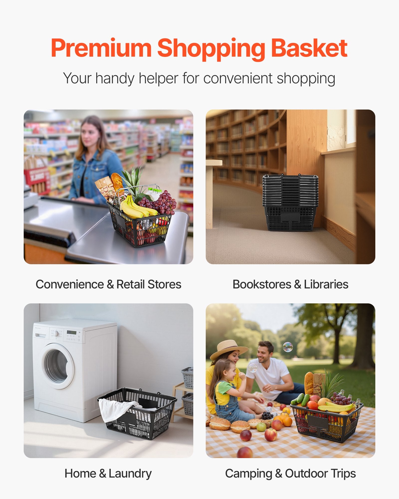 - Large Capacity: Measuring 16.73 x 12.01 x 8.46 in, each basket holds 21L, ideal for weekly groceries. Coming in a 12-pack for family sharing, our shopping baskets easily store fruits, vegetables, shampoo, and daily essentials
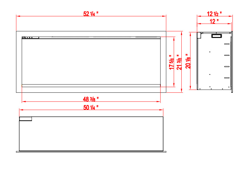 - Overall Dimensions: 50 1/4" W x 20 1/8" H x 11 3/4" D
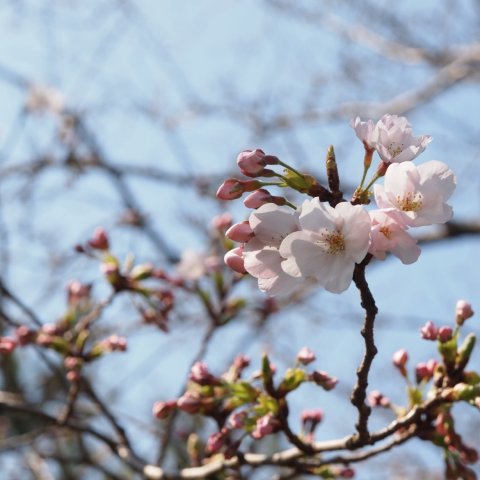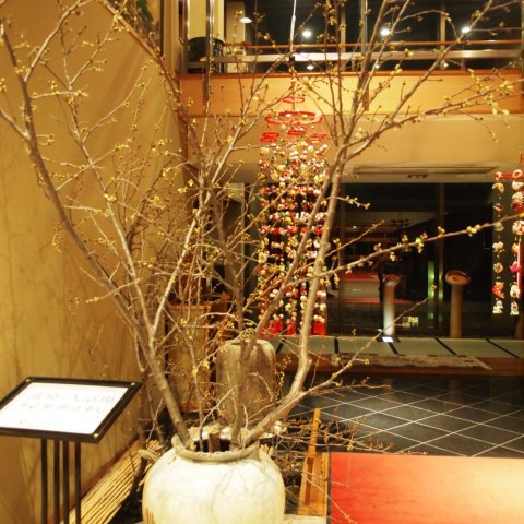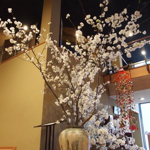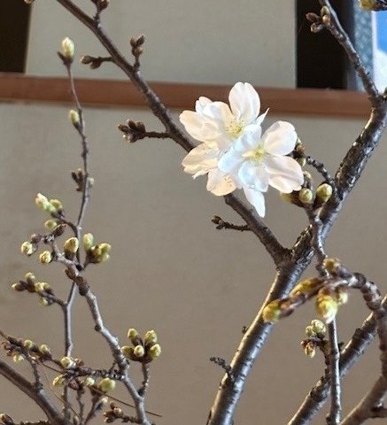 ロビーの桜がようやく開花いたしました。 東京は明日、明後日の開花予想...
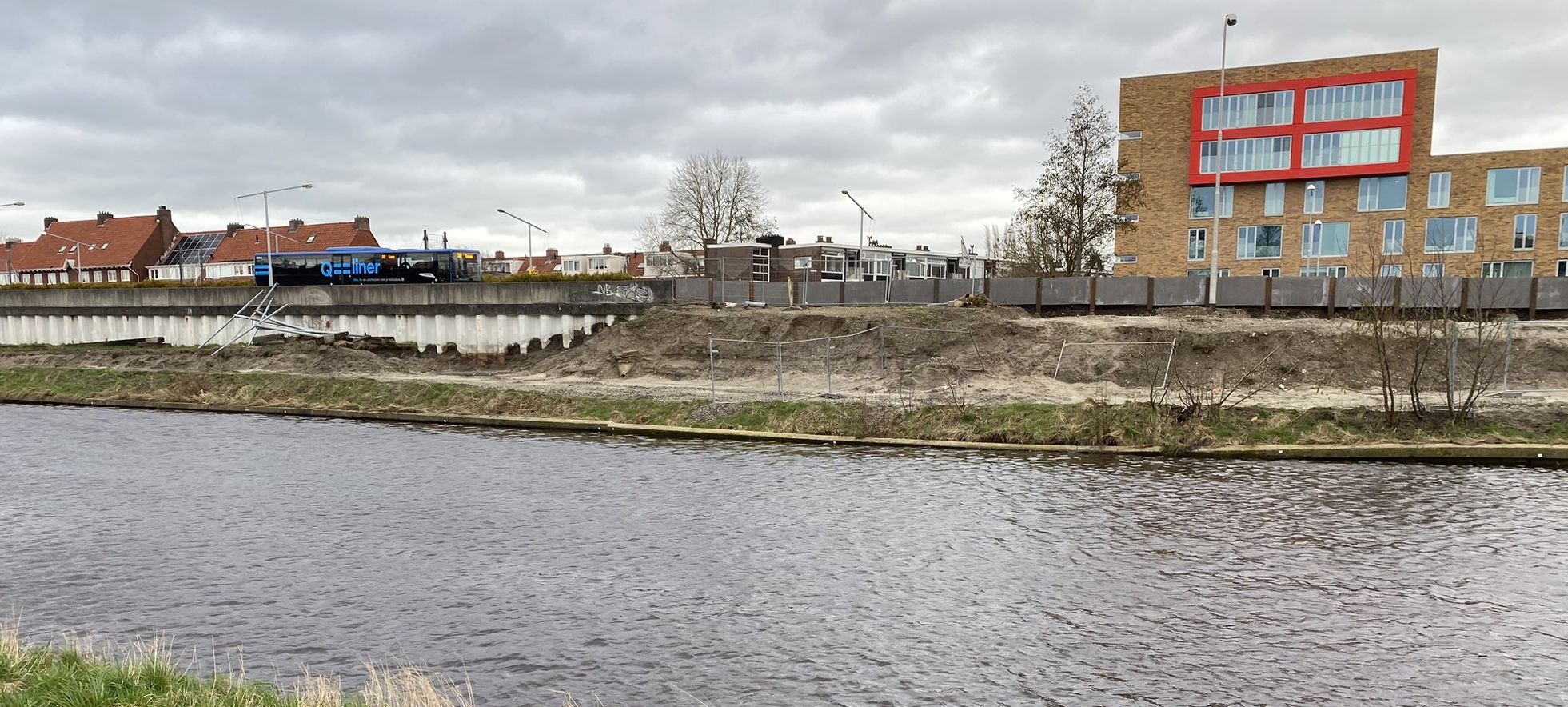 Het werk aan het fietspad langs de oostzijde van het Hoornsediep bij de Brailleweg ligt voor onbepaalde tijd stil. De reden: een kade van de waterkant is verzakt.
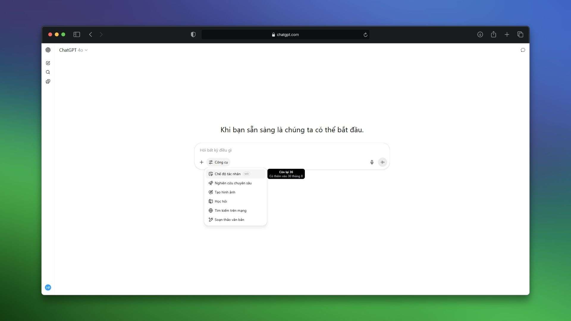 • Truy cập giao diện: Mở ChatGPT trên trình duyệt hoặc ứng dụng desktop/điện thoại. Đảm bảo bạn đã đăng nhập vào tài khoản có gói Plus, Pro, hoặc Team.
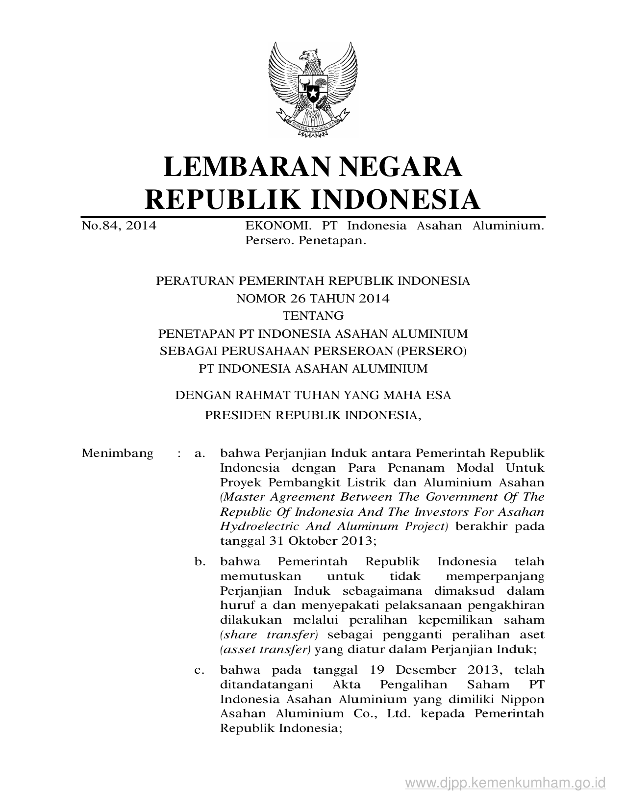 PP Nomor 26 Tahun 2014 | Peraturan Pemerintah Nomor 26 Tahun 2014 tentang PENETAPAN PT INDONESIA ASAHAN ALUMINIUM SEBAGAI PERUSAHAAN PERSEROAN (PERSERO) PT INDONESIA ASAHAN ALUMINIUM
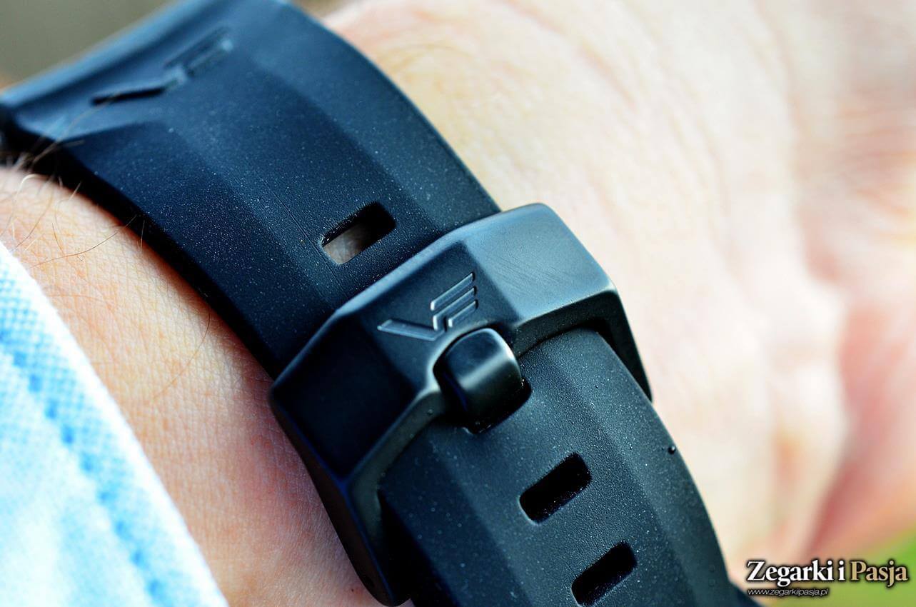 Pomiędzy uszami mieści się pasek o szerokości 24 mm. Litewska firma na start zaopatruje klienta, który zakupi Vostok Europe Engine Skeleton Limited Edition Automatic w dwa paski. W przypadku wykorzystania zegarka do nurkowania i sportowych stylizacji jest pasek silikonowy. Jest on bardzo miękki i wygodny, ma przy mocowaniu z każdej strony „harmonijkową” część pozwalającą się właściwie odkształcić w razie narażenia na wysokie ciśnienia. Pasek jest na tyle długi, ze można go zapiąć na piance do nurkowania, a szlufka ma specjalną wypustkę stabilizująca ją we właściwym miejscu. Zapinany jest na klasyczną klamrę z pinem. Ma też wadę, która jest cechą każdego paska z tego materiału - to przyciąganie kurzu.
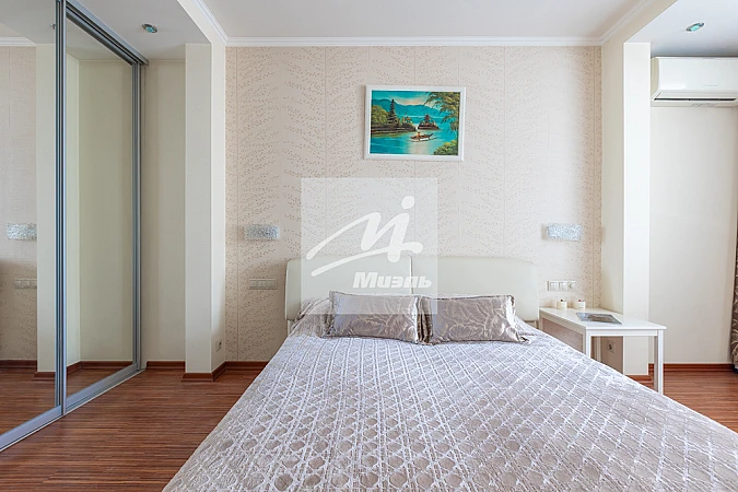 Интерьер выполнен в современном дизайне, подчеркнутый высококачественными материалами и отделкой. Венец красоты — отделка стен венецианской штукатуркой, итальянский паркеты ручной работы, созданные из редких пород древесины, мраморные элементы интерьера, придающие жилью особый шарм и индивидуальность.
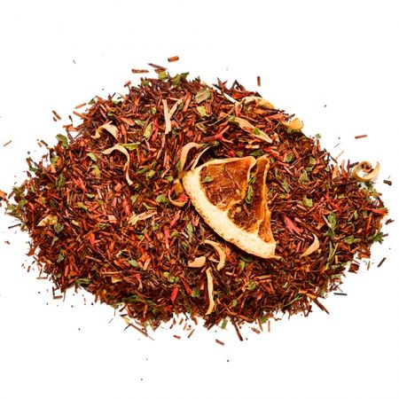 Inneholder rooibos, appelsinskiver, mint, aroma, appelsinblomst og tistelblomst.

▶ **Your objective**
What is needed is the full material, retyped unchanged, with no pictures in it.

▶ **Exercise answer**
 - Large Capacity: Measuring 16.73 x 12.01 x 8.46 in, each basket holds 21L, ideal for weekly groceries. Coming in a 12-pack for family sharing, our shopping baskets easily store fruits, vegetables, shampoo, and daily essentials
 - Overall Dimensions: 50 1/4" W x 20 1/8" H x 11 3/4" D
 ロビーの桜がようやく開花いたしました。 東京は明日、明後日の開花予想...
 Het werk aan het fietspad langs de oostzijde van het Hoornsediep bij de Brailleweg ligt voor onbepaalde tijd stil. De reden: een kade van de waterkant is verzakt.
 • Truy cập giao diện: Mở ChatGPT trên trình duyệt hoặc ứng dụng desktop/điện thoại. Đảm bảo bạn đã đăng nhập vào tài khoản có gói Plus, Pro, hoặc Team.
 PP Nomor 26 Tahun 2014 | Peraturan Pemerintah Nomor 26 Tahun 2014 tentang PENETAPAN PT INDONESIA ASAHAN ALUMINIUM SEBAGAI PERUSAHAAN PERSEROAN (PERSERO) PT INDONESIA ASAHAN ALUMINIUM
 Pomiędzy uszami mieści się pasek o szerokości 24 mm. Litewska firma na start zaopatruje klienta, który zakupi Vostok Europe Engine Skeleton Limited Edition Automatic w dwa paski. W przypadku wykorzystania zegarka do nurkowania i sportowych stylizacji jest pasek silikonowy. Jest on bardzo miękki i wygodny, ma przy mocowaniu z każdej strony „harmonijkową” część pozwalającą się właściwie odkształcić w razie narażenia na wysokie ciśnienia. Pasek jest na tyle długi, ze można go zapiąć na piance do nurkowania, a szlufka ma specjalną wypustkę stabilizująca ją we właściwym miejscu. Zapinany jest na klasyczną klamrę z pinem. Ma też wadę, która jest cechą każdego paska z tego materiału - to przyciąganie kurzu.
 Интерьер выполнен в современном дизайне, подчеркнутый высококачественными материалами и отделкой. Венец красоты — отделка стен венецианской штукатуркой, итальянский паркеты ручной работы, созданные из редких пород древесины, мраморные элементы интерьера, придающие жилью особый шарм и индивидуальность.
 Inneholder rooibos, appelsinskiver, mint, aroma, appelsinblomst og tistelblomst.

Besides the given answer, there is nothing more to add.